The Tauri process model provides a secure foundation for building desktop applications by maintaining strict separation between the trusted Core process and the potentially vulnerable WebView processes. All sensitive operations should be implemented in the Core process, with the WebView serving only as a presentation layer.

Overview

This skill explains the Tauri process model architecture, covering the Core process, WebView processes, inter-process communication, multiwindow handling, and process isolation security patterns.
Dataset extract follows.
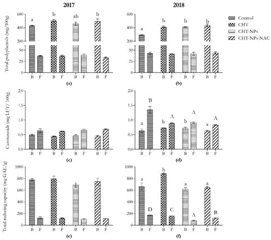 Content of total polyphenols, carotenoids, and total reducing capacity in bran and semolina obtained from Triticum durum (cv. Fabulis) in 2017 (a,c,e) and 2018 (b,d,f), untreated (Ctrl) or treated with CHT, CHT-NPs, or CHT-NPs-NAC. Bars represent mean ± standard deviation (n = 3). Different uppercase and lowercase letters indicate significant differences among treatments in bran and semolina, respectively, according to Tukey’s post-hoc test.

It clarifies responsibilities, lifecycle, and practical patterns for building secure, maintainable Tauri v2 applications. Expect concrete guidance for IPC design, window management, and capability-based security.

How this skill works

The Core process (Rust) is the single trusted entry point with exclusive OS access and global state. UI is rendered in separate WebView processes that run HTML/CSS/JS using the platform WebView library. All communication between WebViews and OS resources flows through the Core via IPC: WebViews invoke commands, Core validates and routes requests, performs privileged actions, and returns responses. Multiple windows are managed by the Core and can be targeted individually or broadcasted through the app handle.

When to use it

  • Designing apps that separate UI from privileged logic to minimize attack surface
  • Implementing multiwindow workflows with shared state or targeted messages
  • Creating secure IPC APIs where the Core must validate and authorize requests
  • Handling platform integrations like file I/O, native notifications, or system trays
  • Planning capability-scoped permissions per window for least-privilege access

Best practices

  • Keep secrets and business logic in the Core; treat WebViews as untrusted renderers
  • Validate and sanitize every IPC payload in the Core before acting
  • Use capability configuration to grant only required permissions to each window
  • Emit events from the Core for cross-window updates instead of direct state manipulation
  • Adopt a strict Content Security Policy and avoid exposing raw native APIs to JS

Example use cases

  • Main window requests file export: WebView invokes Core command that writes to disk
  • Settings dialog created by Core WebviewWindowBuilder with scoped capabilities
  • Broadcasting a configuration change from Core to all open windows using app.emit
  • Opening a viewer window with read-only file permissions enforced by capabilities
  • Restarting a crashed WebView process while core maintains session and DB connections

FAQ

Why is Rust used for the Core process?

Rust provides memory and thread-safety guarantees that protect the privileged Core process from common bugs like buffer overflows and data races.

Can WebViews access the filesystem directly?

No. WebViews cannot directly access system resources; they must call Core commands via IPC and are limited by capability permissions.